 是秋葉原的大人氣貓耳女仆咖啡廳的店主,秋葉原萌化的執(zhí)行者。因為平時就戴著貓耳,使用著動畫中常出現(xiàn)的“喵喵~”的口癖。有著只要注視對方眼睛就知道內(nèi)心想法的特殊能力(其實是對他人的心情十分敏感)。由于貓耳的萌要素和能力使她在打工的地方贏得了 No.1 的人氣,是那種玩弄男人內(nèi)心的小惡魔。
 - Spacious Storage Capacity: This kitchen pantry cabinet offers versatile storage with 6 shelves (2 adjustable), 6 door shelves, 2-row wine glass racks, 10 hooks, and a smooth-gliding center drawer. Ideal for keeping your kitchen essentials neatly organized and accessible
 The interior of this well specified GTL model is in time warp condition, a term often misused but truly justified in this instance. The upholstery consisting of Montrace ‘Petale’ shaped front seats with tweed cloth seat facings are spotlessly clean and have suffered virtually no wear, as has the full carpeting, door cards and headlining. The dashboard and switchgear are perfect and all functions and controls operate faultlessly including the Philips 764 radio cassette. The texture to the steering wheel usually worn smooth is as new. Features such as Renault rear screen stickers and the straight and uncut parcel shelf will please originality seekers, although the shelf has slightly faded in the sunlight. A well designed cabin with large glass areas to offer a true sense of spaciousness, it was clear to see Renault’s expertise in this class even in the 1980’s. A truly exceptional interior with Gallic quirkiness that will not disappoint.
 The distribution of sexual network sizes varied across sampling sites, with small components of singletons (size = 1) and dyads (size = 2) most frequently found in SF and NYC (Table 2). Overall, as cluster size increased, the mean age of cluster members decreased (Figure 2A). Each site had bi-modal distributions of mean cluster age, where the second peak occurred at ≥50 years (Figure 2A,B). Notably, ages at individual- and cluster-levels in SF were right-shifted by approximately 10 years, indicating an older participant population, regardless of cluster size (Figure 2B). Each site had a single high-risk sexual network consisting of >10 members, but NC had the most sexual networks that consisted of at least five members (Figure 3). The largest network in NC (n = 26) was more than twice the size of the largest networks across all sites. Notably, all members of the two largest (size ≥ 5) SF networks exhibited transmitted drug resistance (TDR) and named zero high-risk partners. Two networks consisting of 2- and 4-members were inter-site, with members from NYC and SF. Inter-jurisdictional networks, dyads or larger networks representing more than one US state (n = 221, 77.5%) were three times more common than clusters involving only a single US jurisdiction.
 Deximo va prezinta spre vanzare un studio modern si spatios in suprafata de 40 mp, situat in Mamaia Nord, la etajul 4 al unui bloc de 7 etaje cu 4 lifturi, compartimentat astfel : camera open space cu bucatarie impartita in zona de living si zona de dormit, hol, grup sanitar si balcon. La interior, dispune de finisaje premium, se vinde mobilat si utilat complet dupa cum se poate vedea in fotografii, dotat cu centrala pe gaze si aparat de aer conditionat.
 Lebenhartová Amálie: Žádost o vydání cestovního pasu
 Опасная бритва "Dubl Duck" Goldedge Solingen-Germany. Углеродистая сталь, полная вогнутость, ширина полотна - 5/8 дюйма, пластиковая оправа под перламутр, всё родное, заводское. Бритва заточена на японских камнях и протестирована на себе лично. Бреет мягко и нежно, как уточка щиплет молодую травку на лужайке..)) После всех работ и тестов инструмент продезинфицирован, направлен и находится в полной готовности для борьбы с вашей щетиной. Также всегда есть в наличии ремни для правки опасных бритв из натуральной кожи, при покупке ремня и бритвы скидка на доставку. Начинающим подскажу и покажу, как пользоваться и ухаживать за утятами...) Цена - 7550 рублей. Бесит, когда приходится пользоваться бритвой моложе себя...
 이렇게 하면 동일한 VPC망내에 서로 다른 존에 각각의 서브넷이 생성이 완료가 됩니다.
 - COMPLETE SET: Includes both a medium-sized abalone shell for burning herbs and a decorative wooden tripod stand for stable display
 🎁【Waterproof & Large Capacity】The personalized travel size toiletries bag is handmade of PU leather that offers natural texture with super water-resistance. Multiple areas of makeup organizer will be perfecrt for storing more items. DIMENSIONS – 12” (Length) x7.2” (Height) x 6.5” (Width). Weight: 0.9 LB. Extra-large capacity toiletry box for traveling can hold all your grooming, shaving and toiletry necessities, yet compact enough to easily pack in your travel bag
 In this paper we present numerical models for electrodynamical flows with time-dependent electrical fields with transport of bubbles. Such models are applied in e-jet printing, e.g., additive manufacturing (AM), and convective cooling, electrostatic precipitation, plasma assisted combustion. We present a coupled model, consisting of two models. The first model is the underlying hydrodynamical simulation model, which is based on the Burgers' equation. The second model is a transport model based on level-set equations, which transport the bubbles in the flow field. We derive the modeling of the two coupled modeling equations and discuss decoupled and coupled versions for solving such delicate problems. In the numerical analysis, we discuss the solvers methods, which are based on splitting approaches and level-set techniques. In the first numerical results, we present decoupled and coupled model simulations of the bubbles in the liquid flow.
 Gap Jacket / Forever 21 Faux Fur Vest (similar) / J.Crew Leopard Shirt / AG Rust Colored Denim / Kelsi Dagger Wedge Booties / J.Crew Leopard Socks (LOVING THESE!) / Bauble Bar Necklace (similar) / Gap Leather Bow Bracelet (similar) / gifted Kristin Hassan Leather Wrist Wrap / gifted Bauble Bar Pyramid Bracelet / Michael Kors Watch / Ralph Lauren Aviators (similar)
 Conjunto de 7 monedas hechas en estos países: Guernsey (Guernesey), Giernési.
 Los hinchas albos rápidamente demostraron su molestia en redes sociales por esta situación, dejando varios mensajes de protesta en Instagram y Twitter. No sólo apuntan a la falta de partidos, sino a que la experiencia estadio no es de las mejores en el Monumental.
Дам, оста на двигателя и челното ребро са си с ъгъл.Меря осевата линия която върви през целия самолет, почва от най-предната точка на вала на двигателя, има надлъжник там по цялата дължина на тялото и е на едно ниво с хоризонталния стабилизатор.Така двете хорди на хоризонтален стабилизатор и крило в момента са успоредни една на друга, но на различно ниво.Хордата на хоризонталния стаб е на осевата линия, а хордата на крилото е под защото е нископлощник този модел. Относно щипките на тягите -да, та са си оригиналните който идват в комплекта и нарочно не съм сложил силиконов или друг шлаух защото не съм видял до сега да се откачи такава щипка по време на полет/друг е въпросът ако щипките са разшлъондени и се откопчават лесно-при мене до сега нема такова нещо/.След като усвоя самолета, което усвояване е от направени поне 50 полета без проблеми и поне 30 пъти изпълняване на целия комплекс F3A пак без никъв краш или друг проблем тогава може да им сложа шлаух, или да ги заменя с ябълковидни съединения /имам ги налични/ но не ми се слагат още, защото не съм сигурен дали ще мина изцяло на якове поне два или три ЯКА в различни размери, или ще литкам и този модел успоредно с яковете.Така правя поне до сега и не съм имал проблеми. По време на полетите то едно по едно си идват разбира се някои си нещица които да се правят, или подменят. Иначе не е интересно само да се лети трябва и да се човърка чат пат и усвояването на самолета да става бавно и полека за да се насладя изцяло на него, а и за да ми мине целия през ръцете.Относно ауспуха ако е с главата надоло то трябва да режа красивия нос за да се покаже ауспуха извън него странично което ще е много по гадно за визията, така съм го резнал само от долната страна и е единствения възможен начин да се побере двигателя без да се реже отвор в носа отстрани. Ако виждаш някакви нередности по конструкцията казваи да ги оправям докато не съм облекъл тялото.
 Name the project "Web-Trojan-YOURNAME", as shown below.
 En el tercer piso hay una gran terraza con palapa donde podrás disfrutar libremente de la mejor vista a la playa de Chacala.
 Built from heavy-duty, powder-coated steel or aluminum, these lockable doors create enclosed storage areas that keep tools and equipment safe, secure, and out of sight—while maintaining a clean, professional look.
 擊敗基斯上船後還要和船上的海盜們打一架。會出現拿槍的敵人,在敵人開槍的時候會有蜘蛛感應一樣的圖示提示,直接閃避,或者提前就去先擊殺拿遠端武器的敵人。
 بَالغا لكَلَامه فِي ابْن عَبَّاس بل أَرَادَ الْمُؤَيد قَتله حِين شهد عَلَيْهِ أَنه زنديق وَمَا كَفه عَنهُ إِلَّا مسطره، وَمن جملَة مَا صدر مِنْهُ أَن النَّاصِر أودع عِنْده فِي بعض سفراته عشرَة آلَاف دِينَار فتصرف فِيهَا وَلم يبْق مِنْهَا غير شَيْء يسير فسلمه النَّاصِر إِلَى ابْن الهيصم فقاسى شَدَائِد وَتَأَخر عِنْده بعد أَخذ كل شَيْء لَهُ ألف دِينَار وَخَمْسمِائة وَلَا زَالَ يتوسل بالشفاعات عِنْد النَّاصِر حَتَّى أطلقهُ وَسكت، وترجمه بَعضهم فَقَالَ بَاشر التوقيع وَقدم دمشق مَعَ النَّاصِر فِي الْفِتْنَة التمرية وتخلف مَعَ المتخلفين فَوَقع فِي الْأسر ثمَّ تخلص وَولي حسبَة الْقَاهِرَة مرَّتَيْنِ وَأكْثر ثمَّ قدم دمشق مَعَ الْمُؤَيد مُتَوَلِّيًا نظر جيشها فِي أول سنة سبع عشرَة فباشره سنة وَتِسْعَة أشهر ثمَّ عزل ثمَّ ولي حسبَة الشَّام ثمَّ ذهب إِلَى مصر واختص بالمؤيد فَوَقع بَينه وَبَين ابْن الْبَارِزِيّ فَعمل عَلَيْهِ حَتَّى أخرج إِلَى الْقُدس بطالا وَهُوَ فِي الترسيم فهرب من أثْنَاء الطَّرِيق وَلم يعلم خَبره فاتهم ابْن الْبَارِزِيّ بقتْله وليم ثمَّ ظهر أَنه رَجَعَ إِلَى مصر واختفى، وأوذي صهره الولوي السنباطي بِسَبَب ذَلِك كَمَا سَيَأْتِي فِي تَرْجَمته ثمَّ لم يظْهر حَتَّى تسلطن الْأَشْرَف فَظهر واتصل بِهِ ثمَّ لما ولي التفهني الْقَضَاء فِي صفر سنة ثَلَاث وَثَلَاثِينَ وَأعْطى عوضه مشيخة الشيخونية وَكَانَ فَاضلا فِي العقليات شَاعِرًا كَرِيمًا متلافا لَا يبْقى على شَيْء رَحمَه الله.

PROBLEM DETAILS: Of all the entries above, how many lines contain the string "texture"? Answer with the number only.

ANSWER SPACE: 2